You need to also install imutils (simply pip install imutils), which is used for image processing. Other libraries that are used, which can be seen below, are: os, flask, werkzeug, numpy, and matplotlib. All these have straightforward pip installs.

Problems Encountered

There were definitely a good amount of road blocks along the way. For the ML algorithm part, fortunately I didn't have to build any algorithm from scratch as it came nicely packaged in OpenCV, but I still had to figure out how exactly HOG.Descripter and setSVMDetector worked. I also had problems initially with figuring out how to save an MP4, as the ImageCapture documentation was obscure. The saving of the video took a while since the VideoCapture and VideoWriter class don't have great documentation, and I had to guess around with the the type of fourCC code to use since initially when I was using MP4, the video wouldn't play in the HTML for some unknown reason. I had hiccups figuring out how to get the filename variable to pass through to the other app routes, but eventually figured it out.
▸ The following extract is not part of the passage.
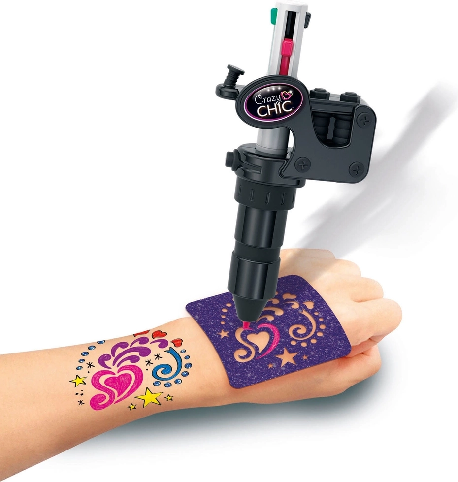 Descubre el mundo de los tatuajes temporales con el set creativo Crazy Chic. El set ofrece todo lo necesario para crear diseños originales: a mano alzada, con plantillas y con sellos. Gracias a los distintos colores, purpurina y su fácil uso, crear tatuajes es divertido, seguro y lleno de creatividad.

I also took some time trying to figure out how to display variable names in the HTML, which is more of a Jinja syntax problem then a pure python one. The last part of the flask app simply runs the app.

Python Evaluation

Overall, I thought Python and Anaconda in particular was a good platform to create this project, particularly the machine learning component of the project. Python is particularly good because you are able to import libraries like OpenCV which allow people to get the ball rolling much quicker, rather than having people create entire classes by themself. I also found Matplotlib helpful in creating pictures of the images and visualizing the people detection, and thought that Python has a good system for saving down files locally (like how I saved down files into the uploads folder and results folder). I wonder how effective Python would be when it comes to interacting with servers. I know there was a brief PDF on SQL and Python in the Coursworks, but I didn't see any information on storing images/videos in a SQL database. While I found Flask to be a good starting point for web application and good for this purpose, I wonder how effective it would be for larger apps and how it would scale, so I don't believe I Python would be as good for web application necessarily. I looked into it, and there are other web frameworks like Django which might be more effective for bigger web applications.

Final Thoughts

Overall, I had fun making this little app. In the future I want to work with how I can effectively store images in a database rather than just save them down locally, and I want to also learn how deployment works on applications like Heroku. Also room for improvement is speeding up the analysis of movies, which now takes a while.